[Dataset items]
⟨
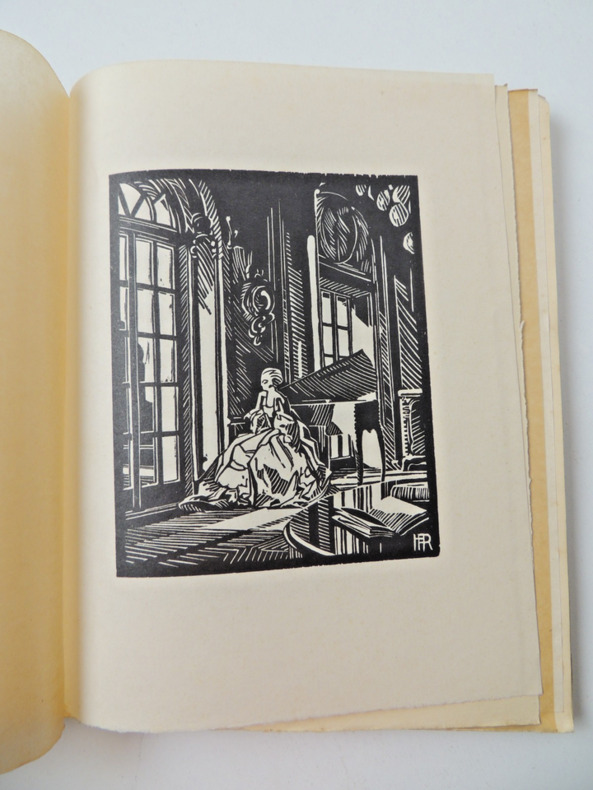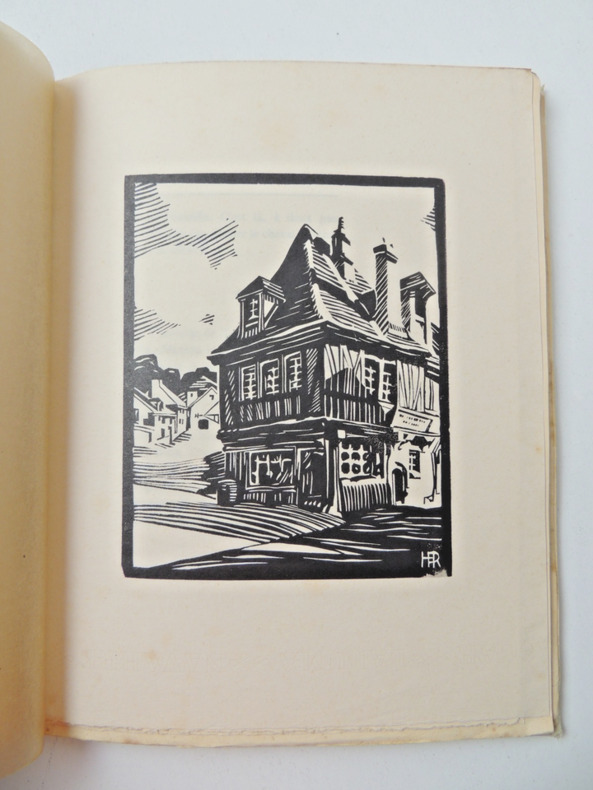 Paris, La Centaine, 1927, 19 X 25 cm., broché, 105 pp. Tirage limité à 313 exemplaires numérotés. Le nôtre un des 100 sur vélin de cuve du Marais avec les bois sur Chine (premier grand papier). Orné de vingt bois originaux dont un frontispice en couleurs de Henry de RENAUCOURT. Quelques pages non coupées. Couverture rempliée illustrée. Un petite tache de rouille sur le dos muet, sinon en bel état.
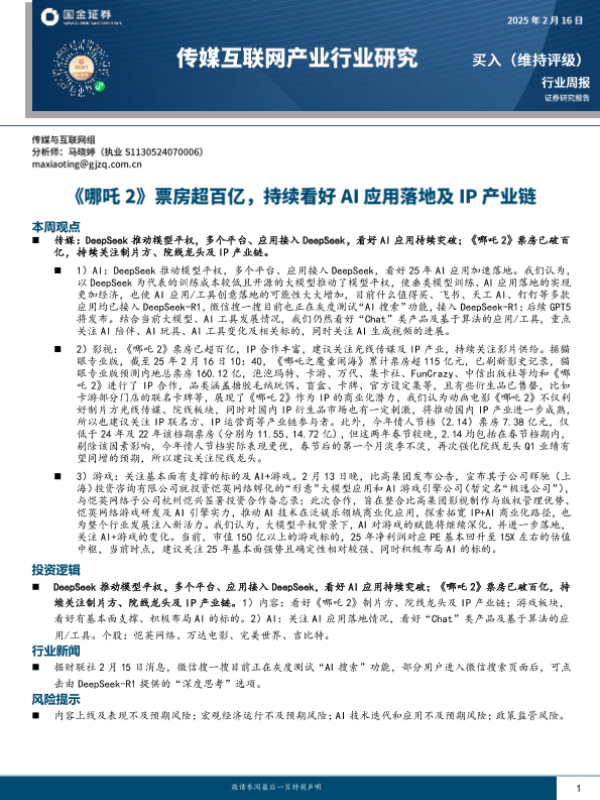 【国金证券】【20250216】传媒互联网产业行业周报:《哪吒2》票房超百亿,持续看好AI应用落地及IP产业链-10页 行业研究
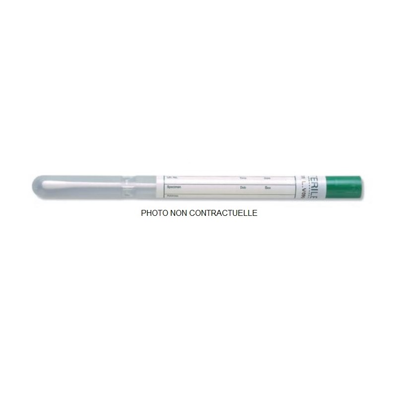 Ecouvillon sec et ordinaire tige en plastique pointe Dacron, avec tube de transport capuchon vert. Fabricant Copan. Temperature de stockage 5-25 degre. Sachet de 1000 ecouvillons avec tubes de transport Fiche Commerciale
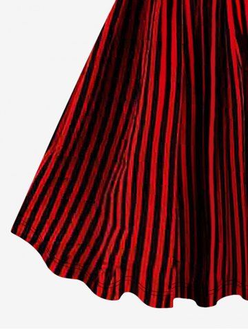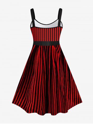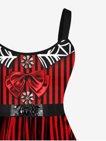 Plus Size 3D Bowknot Striped Bat Belt Spider Web Print Halloween Tank Dress - Deep Red - S
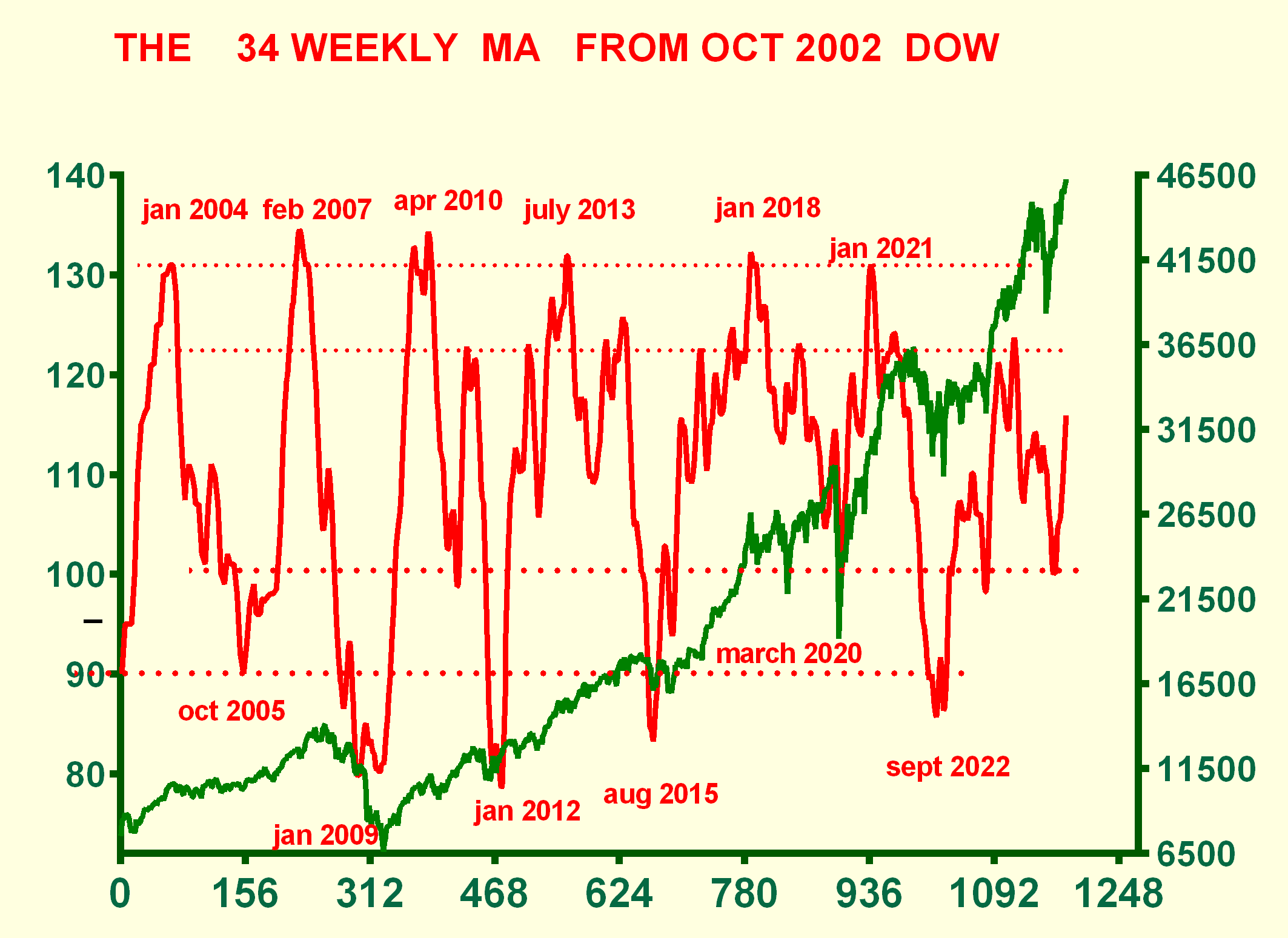 The average 34 Weekly Ma of the past 23 years is 110. Left axis. The offsets for the next 17 weeks average 98.
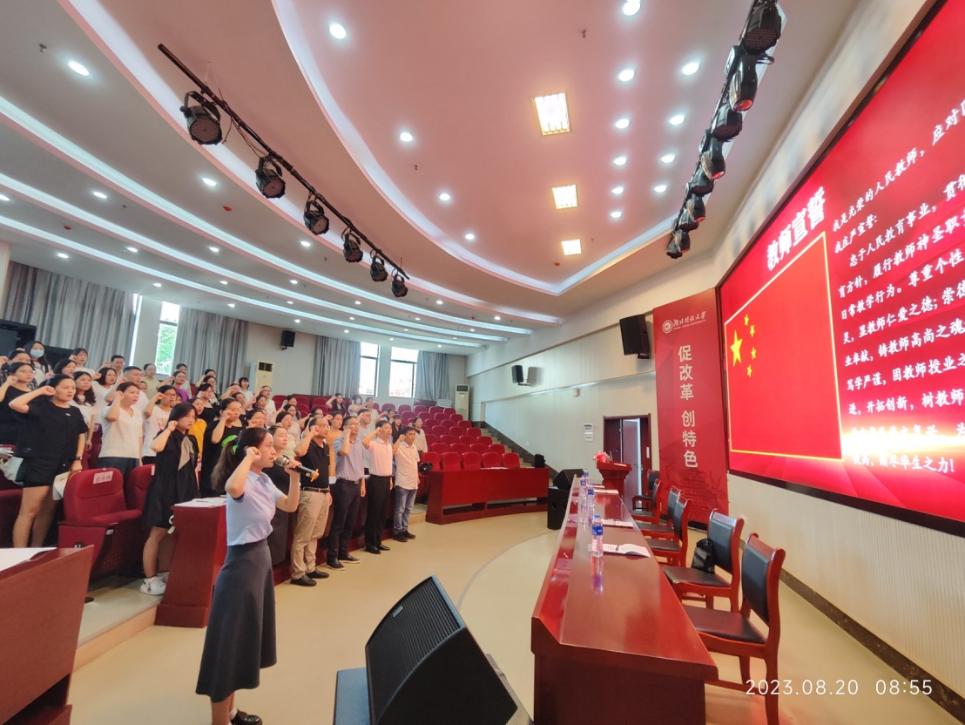 开班仪式最后,与会领导和全体参训的骨干教师面对国旗庄严宣誓,全场齐声诵读教师誓词。
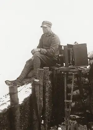 En 1916, il est le premier opérateur de l'équipe photographique de montagne de la quatrième armée, avec laquelle il a construit 75 stations photographiques à haute altitude, à partir desquelles il a filmé de grandes régions des Alpes. Il documente la vie dans les tranchées et les phases cruciales de la guerre. Ses photographies qui témoignent de la présence de personnalités importantes sur le front, de la reddition des Autrichiens à Villa Giusti, de l'entrée des troupes italiennes à Trente et de l'arrivée de Victor-Emmanuel III à Trieste.
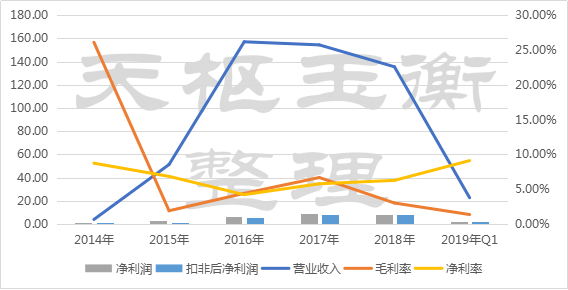 易見股份2018年完成營業(yè)收入135.50億元,較2017年下跌了12%;扣非后凈利潤8.05億元,同比下滑1.56%;企業(yè)經(jīng)營現(xiàn)金凈流量為7.46億元;2019Q1經(jīng)營情況則有所下滑,其中營業(yè)收入22.76億元,較去年同期下滑48.69%;扣非后凈利潤2.01億元,同比僅下滑4.85%;企業(yè)經(jīng)營現(xiàn)金凈流量則為-0.69億元;
⟩
Output a verbatim copy of the lines from the line containing "The average 34" through the end of the data, both included, without any images.

▶ **RESULT OF THIS EXERCISE**
 The average 34 Weekly Ma of the past 23 years is 110. Left axis. The offsets for the next 17 weeks average 98.
 开班仪式最后,与会领导和全体参训的骨干教师面对国旗庄严宣誓,全场齐声诵读教师誓词。
 En 1916, il est le premier opérateur de l'équipe photographique de montagne de la quatrième armée, avec laquelle il a construit 75 stations photographiques à haute altitude, à partir desquelles il a filmé de grandes régions des Alpes. Il documente la vie dans les tranchées et les phases cruciales de la guerre. Ses photographies qui témoignent de la présence de personnalités importantes sur le front, de la reddition des Autrichiens à Villa Giusti, de l'entrée des troupes italiennes à Trente et de l'arrivée de Victor-Emmanuel III à Trieste.
 易見股份2018年完成營業(yè)收入135.50億元,較2017年下跌了12%;扣非后凈利潤8.05億元,同比下滑1.56%;企業(yè)經(jīng)營現(xiàn)金凈流量為7.46億元;2019Q1經(jīng)營情況則有所下滑,其中營業(yè)收入22.76億元,較去年同期下滑48.69%;扣非后凈利潤2.01億元,同比僅下滑4.85%;企業(yè)經(jīng)營現(xiàn)金凈流量則為-0.69億元;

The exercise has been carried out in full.